→ **Task material**
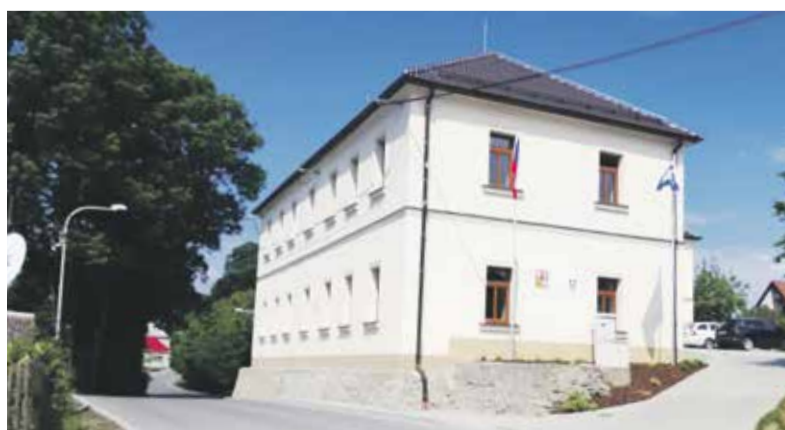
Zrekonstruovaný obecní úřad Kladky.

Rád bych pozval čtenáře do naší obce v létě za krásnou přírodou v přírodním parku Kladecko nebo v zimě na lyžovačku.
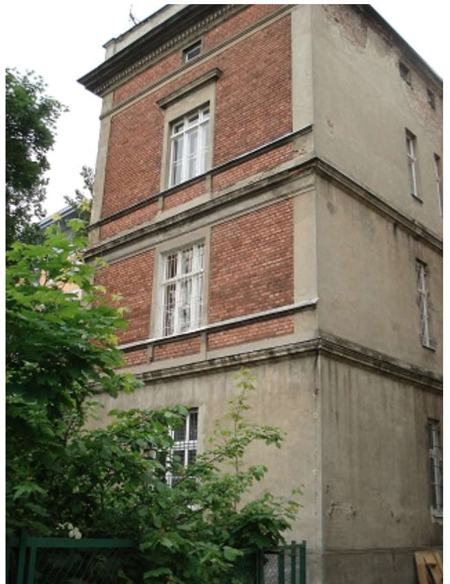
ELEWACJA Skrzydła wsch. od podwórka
--
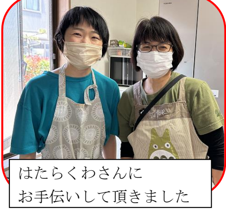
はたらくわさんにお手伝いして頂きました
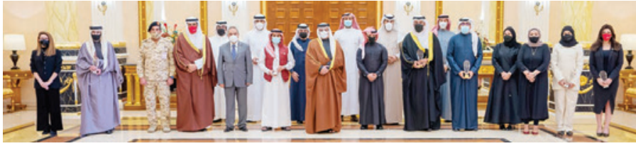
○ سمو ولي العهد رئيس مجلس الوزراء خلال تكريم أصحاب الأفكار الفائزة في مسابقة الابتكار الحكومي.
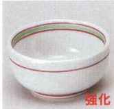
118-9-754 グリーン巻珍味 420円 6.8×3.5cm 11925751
...
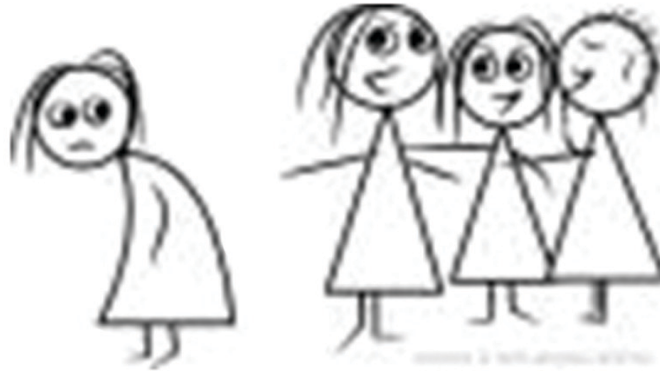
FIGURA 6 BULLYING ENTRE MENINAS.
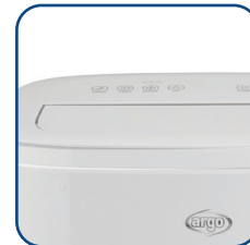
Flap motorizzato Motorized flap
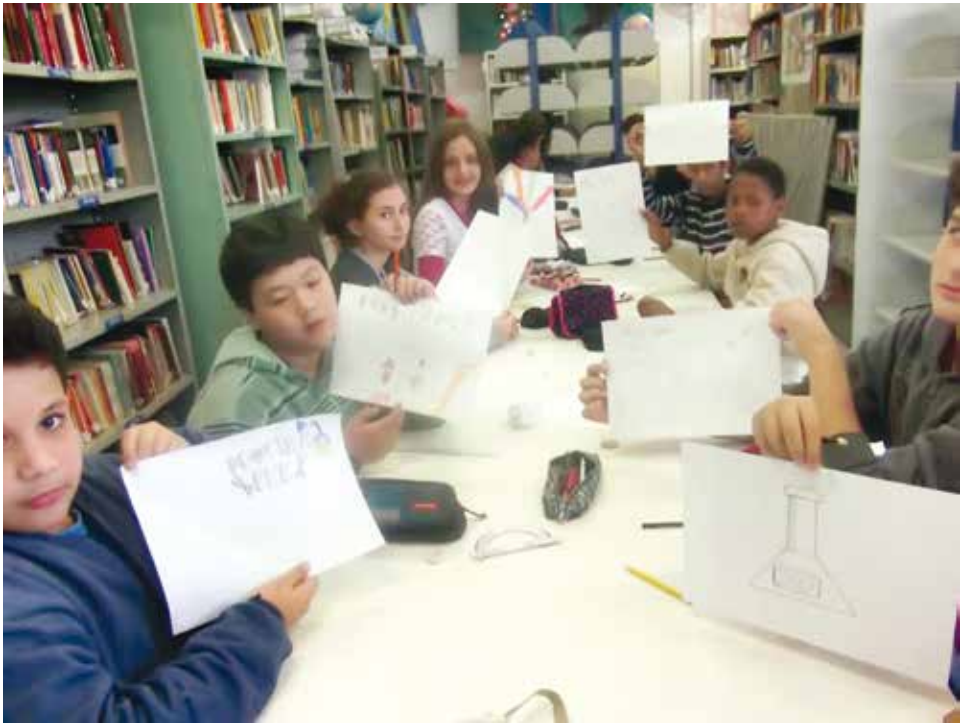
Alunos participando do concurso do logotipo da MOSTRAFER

→ **Required work**
Return only the part above that opens with the line containing "Zrekonstruovaný obecní úřad Kladky." and closes with the line containing "ELEWACJA Skrzydła wsch. od podwórka", exactly and with both ends, skipping the pictures.

→ **Expected answer**
Zrekonstruovaný obecní úřad Kladky.

Rád bych pozval čtenáře do naší obce v létě za krásnou přírodou v přírodním parku Kladecko nebo v zimě na lyžovačku.
ELEWACJA Skrzydła wsch. od podwórka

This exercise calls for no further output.